Tunnel Vision: Pitve to Zavala, a Road Trip to Remember on Hvar - LavanderMan (
For an island that has been voted among the top ten most beautiful by Conde Nast readers, and whose glitzy main town has been dubbed the new St. Tropez, visitors to Hvar could be forgiven for expecting a well-developed, highly sophisticated tourism offer.
A-list celebrities are regular visitors in the waterfront cafes in Hvar Town, but there are other, less developed tourist attractions, which linger long in the memory. On an island with a permanent population of 11,500, which functions well without roundabouts or permanent traffic lights, some of the best holiday memories are of places far from the bright lights of Hvar Town, such as the Pitve - Zavala tunnel, one of the great road trips in Europe.
History of the Pitve - Zavala Tunnel
Work on the tunnel began in 1962 by local authorities, as a means of passing water pipes to the south of the island. Never intended to be a passenger tunnel, the drilling of the rock was crude and practical. The result, a 1.4km tunnel approximately 2.30m across, has been a lifeline connecting the southern settlements of Zavala, Ivan Dolac and Sveta Nedelja to Pitve, Jelsa and beyond, but the tunnel is definitely a case of practicality over comfort; there are no lights in the tunnel, water seeps the rock overhead, causing minor flooding problems, and passing options for two cars are extremely limited.
Tunnel Etiquette: The Occasional Traffic Lights
The tunnel has two distinct seasons, local and tourist. As the tunnel is not wide enough for two cars to pass, the tourist season has recently brought about the introduction of the first seasonal traffic lights on Hvar, an upgrade from a previous system operated by walkie-talkies.
Timing is everything. The lights remain green for sixty seconds only, followed by six minutes of red. In that time motorists are expected to navigate their way through the tunnel, although several tourists, unnerved by the sudden darkness and primitive conditions, have encountered numerous problems. While the sudden plunge into darkness and wading through surface water can be disorientating, it is nothing compared to the effects on the eyes when one emerges into the bright sunshine after 1.4km. Judge for yourselves with a virtual Pitve - Zavala Tunnel Tour in this short video.
Tunnel Etiquette: Passing Places and Waiting Times
The lights come into operation in May and work until the end of the season, which is when the real fun begins in the tunnel. The local rules are simple: upon entering the tunnel, if there are no headlights coming the opposite way, one may progress; approaching headlights require drivers to wait.
That would be too easy. There are two roughly dug out passing points in the tunnel, and regular users who are confident in their abilities, feel able to judge the distance of the approaching car, making snap judgments as to their ability to make it to the first passing place on time. They do not always get it right.

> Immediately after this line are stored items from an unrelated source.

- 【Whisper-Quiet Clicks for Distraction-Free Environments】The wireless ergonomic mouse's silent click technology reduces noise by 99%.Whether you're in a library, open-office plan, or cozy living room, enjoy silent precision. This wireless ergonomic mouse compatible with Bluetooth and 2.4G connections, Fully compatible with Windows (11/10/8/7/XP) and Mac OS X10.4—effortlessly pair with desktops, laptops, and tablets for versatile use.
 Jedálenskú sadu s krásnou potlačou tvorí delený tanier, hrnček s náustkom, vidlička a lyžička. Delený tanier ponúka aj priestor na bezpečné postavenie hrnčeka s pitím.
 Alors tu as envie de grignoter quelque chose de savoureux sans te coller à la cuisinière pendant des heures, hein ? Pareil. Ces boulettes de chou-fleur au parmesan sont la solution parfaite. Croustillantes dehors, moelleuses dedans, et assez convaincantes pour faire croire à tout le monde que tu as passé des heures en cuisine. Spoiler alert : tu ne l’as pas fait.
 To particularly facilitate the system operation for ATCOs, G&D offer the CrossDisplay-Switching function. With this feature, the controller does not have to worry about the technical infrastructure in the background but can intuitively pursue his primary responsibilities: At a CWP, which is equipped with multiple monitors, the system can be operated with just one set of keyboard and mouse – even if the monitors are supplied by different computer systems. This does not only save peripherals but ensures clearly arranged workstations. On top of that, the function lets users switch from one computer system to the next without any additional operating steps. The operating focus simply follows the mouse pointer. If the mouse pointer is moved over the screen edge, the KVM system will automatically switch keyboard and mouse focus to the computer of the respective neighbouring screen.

Throw a nervous tourist, unsure of the rules, into the mix, and the prospect of reversing back half a kilometre in claustrophobic darkness can cause chaos.

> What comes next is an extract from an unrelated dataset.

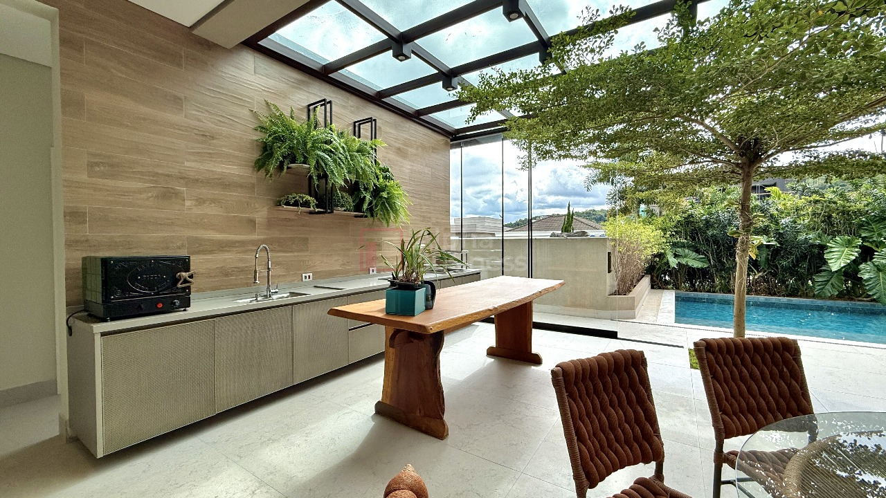 Com um design elegante e uma variedade de comodidades, como aquecimento solar, espaço gourmet com churrasqueira, lareira, piscina, sauna e solarium, esta casa é perfeita para quem busca um estilo de vida sofisticado e relaxante.

New Roads to Zavala and Sveta Nedelja
Fortunately for all, the opening of two new roads has helped to relieve the pressure on the tunnel, as well as alleviate some of the traffic congestion through the historic village of Pitve. A fire road over the top of the hill is passable for more vehicles, while the long awaited road from Dubovica to Sveta Nedelja has made the south side not only more accessible to and from Hvar Town, but also reduced the need to use the tunnel. Even if it is not on your route, it is worth a visit for the ultimate tunnel vision experience.